Italian stallion Luca Barbareschi doesn’t quite cut it as Billy. He has a fairly strong continental accent that gets in the way of some dialogue and feels out of place with the rest of the cast; and despite having played the role previously in Italy, it feels as though he doesn’t quite understand all his lines, which makes the comedy fall flat. However, he does have a pleasant singing voice and certainly makes an effort with the character.

The ensemble are all sexy and energetic, and ensure the pace doesn’t let up throughout the show.

- Caroline Ansdell


Note: The following FIVE-STAR review dates from August 2004 and an earlier West End cast.

I've literally lost count of the number of times I've now seen Chicago, currently in its seventh year at the Adelphi Theatre, but one thing I do know: I simply never tire of watching this sensationally cynical show about sex, murder, celebrity and newspaper headlines.

And lately the show has been making the headlines again itself, thanks to the arrival in the cast of David Hasselhoff as Billy Flynn - an actor whose programme biography modestly states that he is "listed in the Guinness Book of World Records as The Most Watched TV Star in the World, thanks to starring roles in both Knight Rider and Baywatch." He was, we also discover, once named "Most Popular and Best Selling Artist of the Year in Germany," due to a late 80s album from which a song, “Looking for Freedom”, apparently became "an anthem for the German people," and which he sang "atop the Berlin Wall during the German reunification celebration".

With fans cheering his entrance onstage and others at the stage door sporting "We Love the Hoff" tee-shirts, a show about the phoney values of celebrity has clearly become a vehicle for the indulgence of one. But the amazing thing about both the resilience of this extraordinary piece of musical theatre writing and the ironic layers that this show is enveloped in is that, far from disrupting its tale of monstrous ego and vanity, Mr Hasselhoff's appearance becomes a reflective mirror of his character's own principal preoccupations. Only the arrival of OJ Simpson (but in the role of Velma Kelly, who kills her husband and sister) could push the boundaries between art and life more effectively.

But "the Hoff" is no slouch when it comes to taking on the preening role of Billy. Taller than anyone else onstage, he is the personification of the cheese-meets-sleaze qualities to give us the ol' razzle-dazzle required. He's as simultaneously repulsive as the show itself continues to be wonderfully seductive.

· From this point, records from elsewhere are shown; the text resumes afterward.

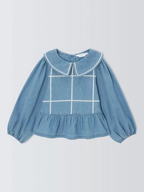 Check Peplum Hem Denim Top, Blue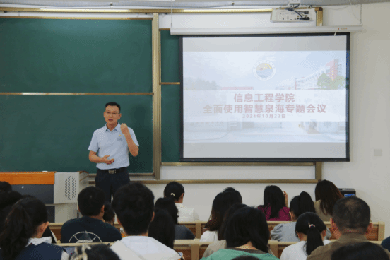 为促进智慧泉海平台的全面普及与高效运行,信息工程学院领导班子及行政人员于2024年10月21日召开紧急会议,2024年10月23日于教学楼3208召开全院教职工大会,就“如何提升智慧泉海使用率”相关事宜进行安排培训,本次会议由信息工程学院信息化专员林巧云主讲。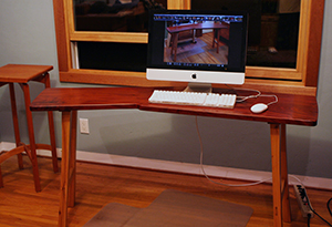 Office Table w/drawers. Floating top hall table of sinker Small dining table of Cherry. Tom's computer desk featuring a slab of sinker Small table of Zebrawood and delicate Wenge legs. |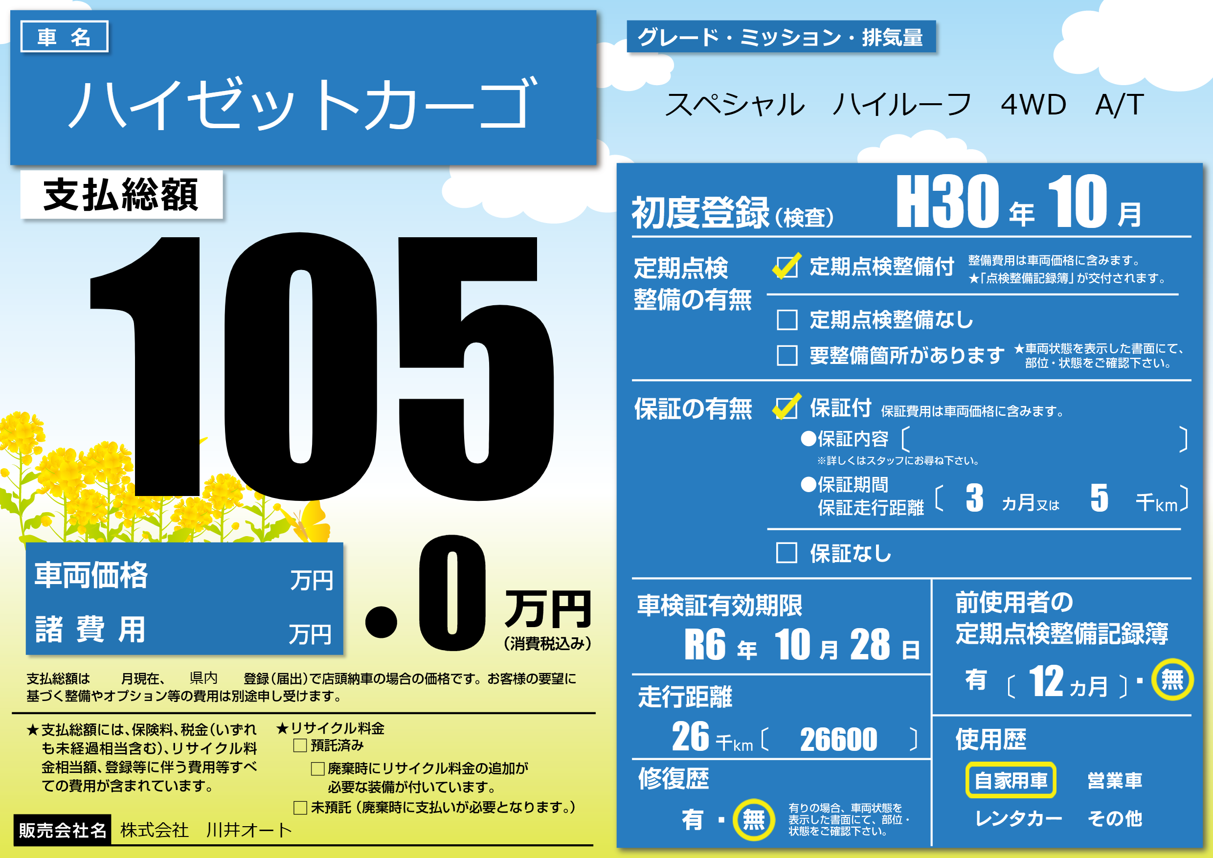 なし | 車検制限 | R6年10月28月 |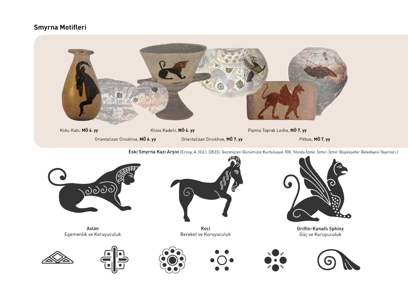 Aks üzerindeki belirli odak noktalarında uygulanan podima (yürüme yolu) zemin kaplamalarında, Antik Smyrna Höyüğü kazılarında ortaya çıkarılan arkeolojik buluntulardaki bezeme ve motif repertuvarından referans alındı. Bu zemin dokusu, modern malzeme kullanımıyla yeniden yorumlandı. Podima yüzeylerdeki desen geçişleri, Smyrna’nın farklı dönemlerine ait kültürel katmanları sembolik biçimde yansıtacak. Ayrıca doğal taş zemin kaplaması üzerine, tarihsel referans noktalarına yönlendirme sağlayan mesafe bildirimli yer işaretleri entegre edildi.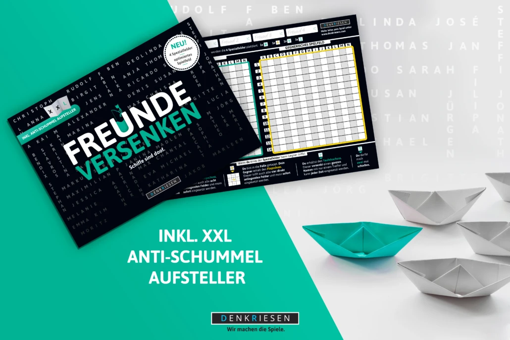 Freunde versenken wurde nach dem Spielprinzip von „Schiffe versenken“ entwickelt. Der ultimative Spielblock bietet neben einem XXL Aufsteller viele Variationen für ein spannendes Spielerlebnis.

And though I have seen both better Roxie’s and Velma’s than Rebecca Thornhill and Anita Louise Combe respectively, I have seldom seen two who are so perfectly matched as these two, physically as well as emotionally. They complement each other to stunningly powerful effect, reasserting this show's irresistibly glittering take on America and justice and what they stand for.

- Mark Shenton


Note: The cast has changed since the writing of this review. For current cast details, please see the Chicago listing entry. If you have seen the current cast and would like to share your views please go to the user reviews section.

After Martine McCutcheon's much publicised but now disastrous run in {My Fair Lady::E882984732768} - where she garnered good reviews but has so far missed more performances than she has actually given - it's a relief to report that Denise van Outen is showing up nightly (and twice on matinee days) for Chicago.

It's even better to find that she's no mere casting gimmick, but really, really good. She looks the part, gloriously; she acts the part, delightfully; she dances the part, terrifically; and she even sings the part, appealingly. She's the business. And it's obvious she's put in the work to make sure that she is.

The show - a bitterly cynical but hilariously true account of the culture of celebrity - has met its perfect match. Van Outen is Roxie Hart, who murders her lover Fred Casely in a jealous rage when he threatens to leave her, and turns her crime into the stuff of showbusiness. Acquitted thanks to the efforts of her brilliant lawyer, Billy Flynn (the silkily smooth Clarke Peters, back in the show briefly en route to taking over the lead in {The Witches of Eastwick::E68893670}), Roxie takes up a vaudeville career with an equally heartless murderess, Velma Kelly (the stunningly leggy Leigh Zimmerman, looking like Rita Hayworth on stalks).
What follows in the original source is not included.